О таком малоплодотворном философском направлении, как номинализм, трудно, собственно говоря, сказать, где начинается его зарождение, где происходит его расцвет и где нужно видеть его разложение. Дело в том, что расцветом в номиналистической диалектике нужно было бы считать выдвижение наименования именно как чисто обозначительного процесса в условиях исключения как всяких существенных функций мышления, так и всех других функций самого имени, кроме наименования. Однако такой исключительный номинализм, хотя и нужно было бы считать расцветом номиналистической диалектики, но, ввиду его пустословия и философской неграмотности, а главное, ввиду его полной логической невозможности, его даже трудно назвать расцветом номинализма. Ведь подобного рода расцвет есть полное падение философии вообще, так что только путем игры слов можно говорить о расцвете номинализма означавшем собою падение философии. Тем не менее, и расцвет и падение номиналистической диалектики, хотя и означали собою падение всей средневековой диалектики, приходится называть именно так.
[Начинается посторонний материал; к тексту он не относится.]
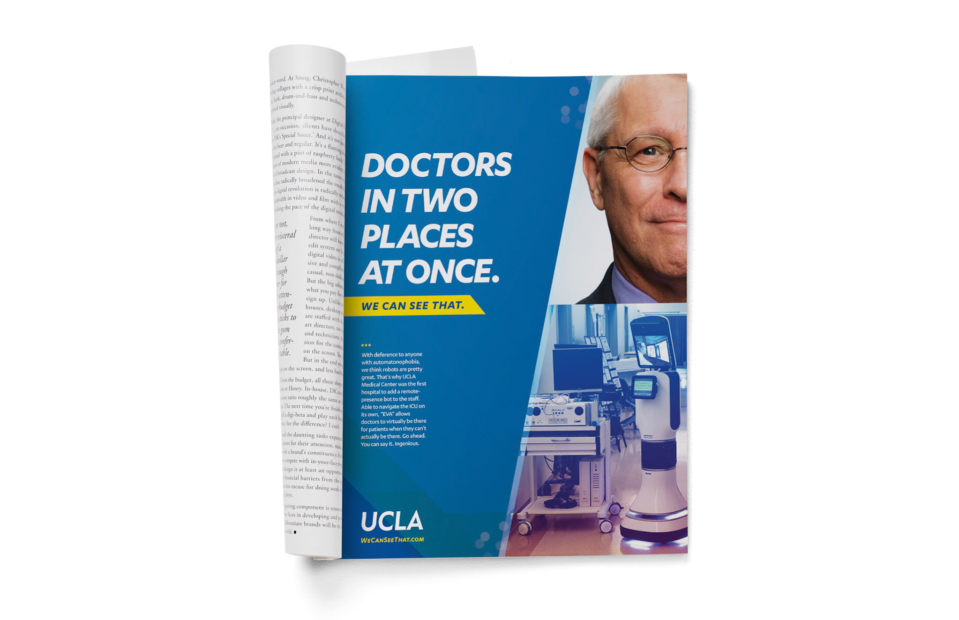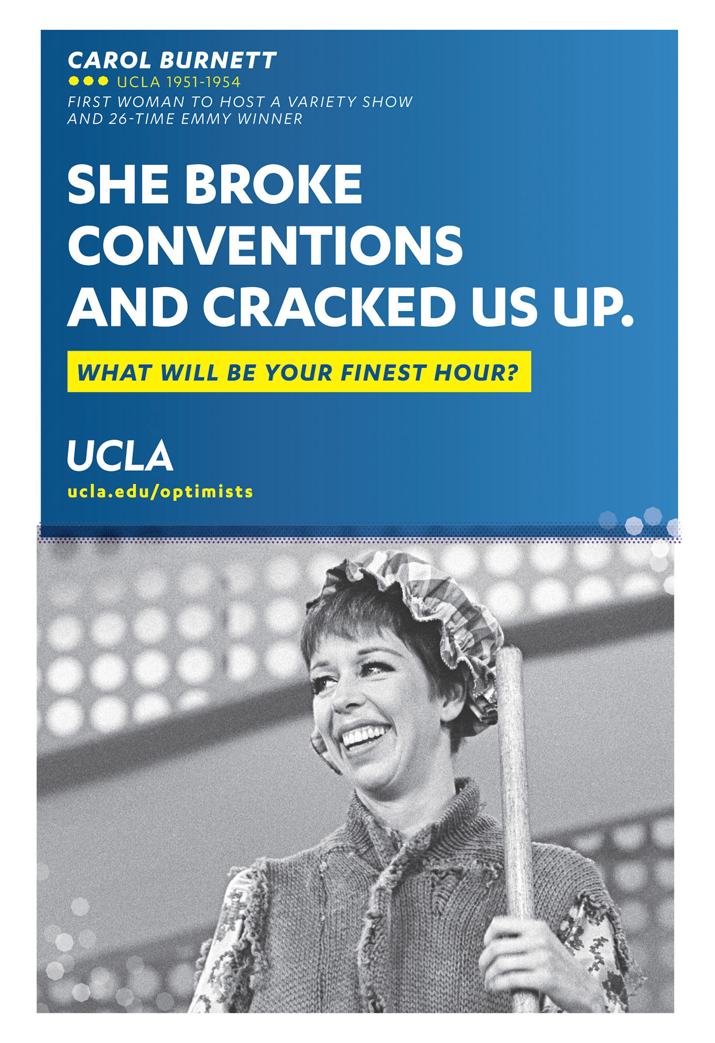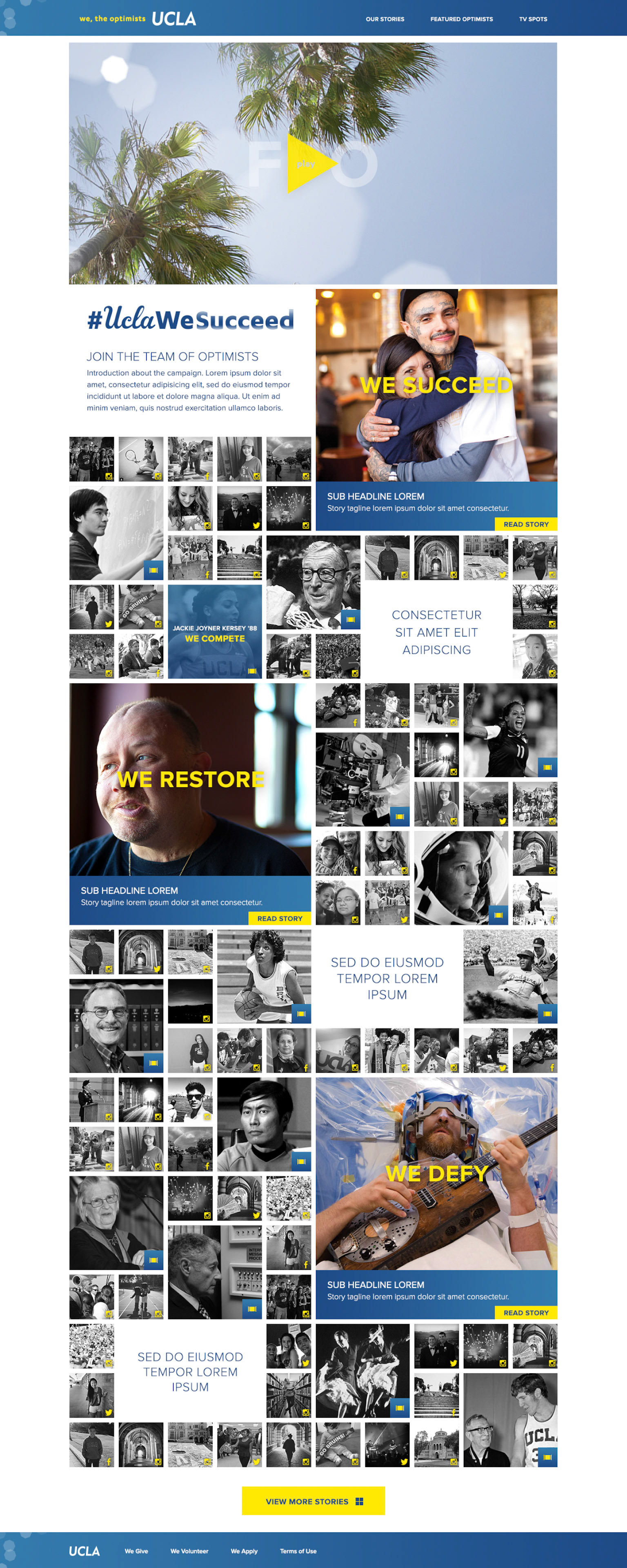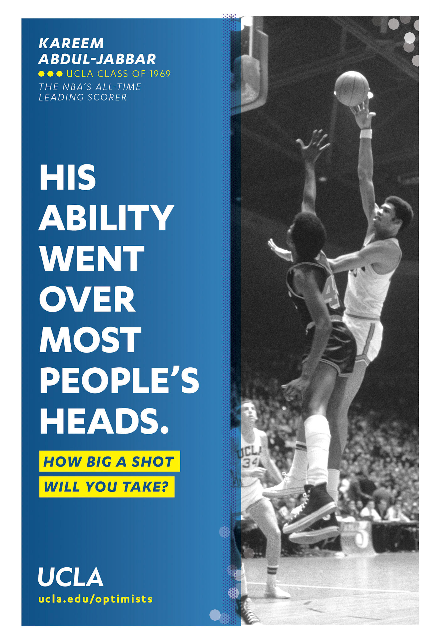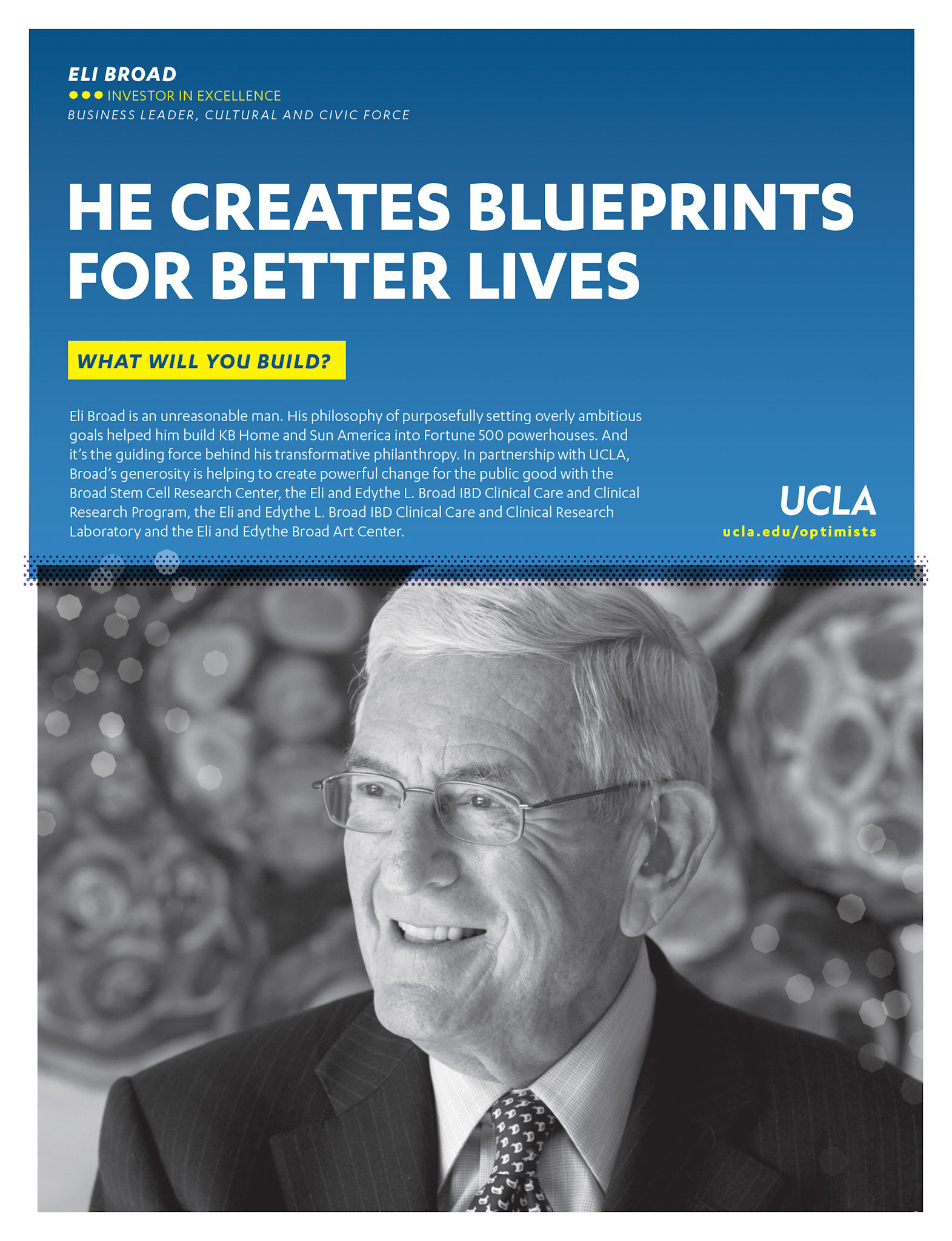 Step onto campus or any number of our art, athletic, healthcare or research facilities, and the feeling of optimism is palpable–in the students; in the faculty; and in what’s to come. Optimism is powerful. It creates pioneers. It silences critics. It redefines what is possible. And it’s what makes UCLA a place where you can transcend your potential. We are game changers: despite obstacles, barriers and naysayers, we aren’t afraid to challenge conventions and establishments; we push, advance and break new ground. We are, the Optimists. Once the research had been completed, brand positioning set, and strategy had been outlined, we went to work developing a myriad of “brand campaigns” focused on Optimism and the positive impact UCLA has in its communities throughout LA and around the world. The campaigns were also designed to educate, reinvigorate pride with various constituents, and soften the beachhead for an approaching Capital Campaign. Key Message: “With an unrivaled spirit of optimism, UCLA is an engine of opportunity and progress propelling action and change around the world.”
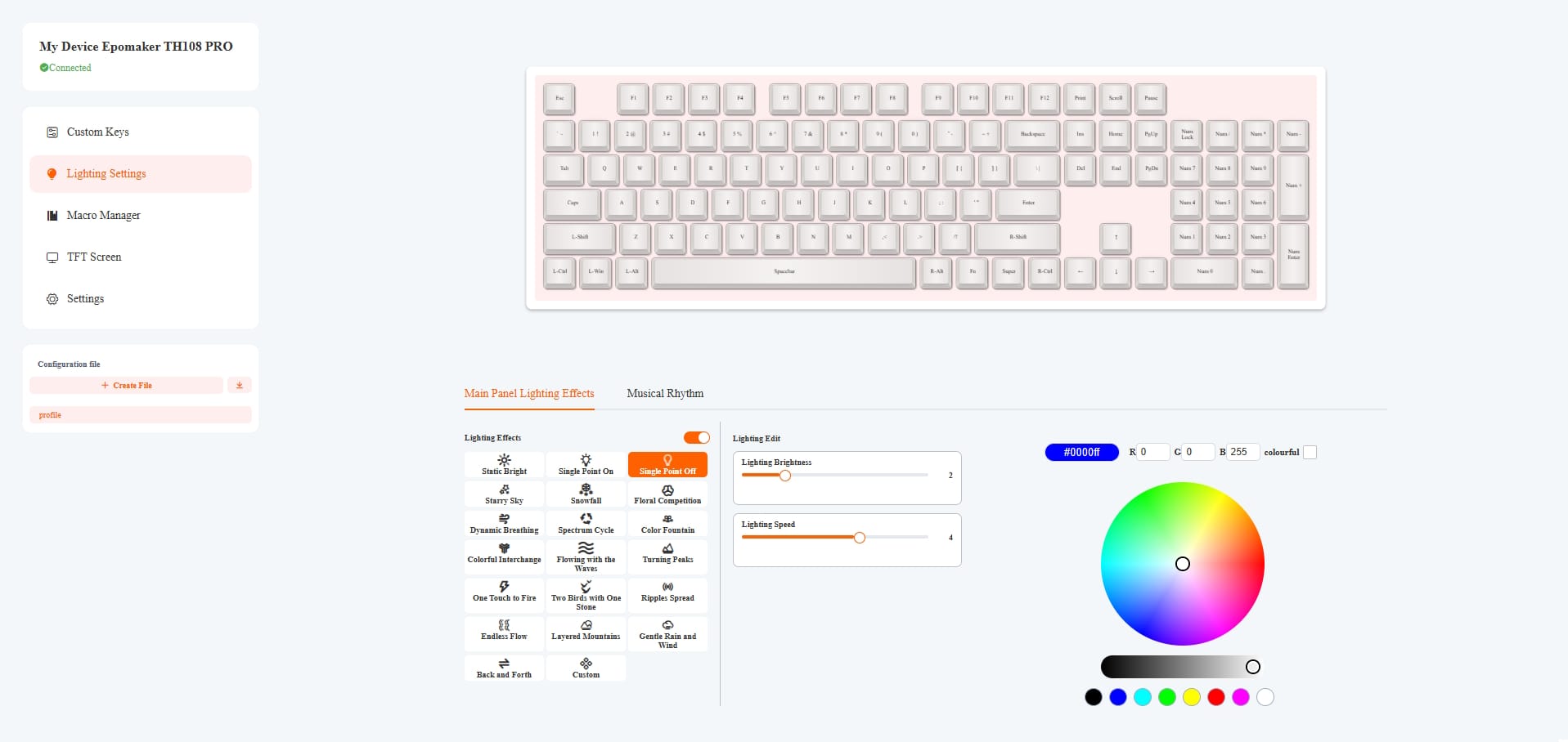 As with most modern keyboards, the TH108 Pro offers a wide range of lighting options. To my RGB-loving pleasure, I think it actually offers more options than most standard keyboards. You can adjust the keyboard backlighting to be different colors and patterns, of course, but the TH108 Pro also lets you adjust RGB for the side panels (effectively giving the keyboard a sort of adjustable ground-effect lighting option) as well as lighting options surrounding the built-in screen.

Кроме того важно учитывать и то, что зарождение номиналистической диалектики совпадало с расцветом классических философских систем Средневековья и при ближайшем анализе оказывалось либо простым недоразумением, либо, в крайнем случае, чем-то вроде концептуализма. Что же касается расцвета номиналистической диалектики, то тут, конечно, не может быть систематически проводимой теологии, т. е. тогдашней онтологии, и потому номиналистическая диалектика эпохи своего расцвета уже не может быть только недоразумением. Она вполне принципиальна и хочет быть последовательной до конца. В этом и заключается ее расцвет. Но, фактически, ведь нельзя же быть последовательным номиналистом. Приходится допускать ту или иную онтологию, пусть несистематическую, пусть случайную, т. к. нельзя именовать какой-нибудь предмет в условиях отсутствия и даже немыслимости этого предмета. Поэтому расцвет номиналистической диалектики, падающий на XIV столетие, собственно говоря, приходится обозначать при помощи кавычек, то же самое нужно сказать и о падении номиналистической диалектики. И ее расцвет и ее падение были невозможны без использования той или иной онтологии, иной раз бессознательного, а иной раз даже и сознательного. И тогда когда наименование само стало формулироваться как полная бессмыслица и даже невозможность, только тогда, собственно говоря, и можно было говорить о падении номиналистической диалектики.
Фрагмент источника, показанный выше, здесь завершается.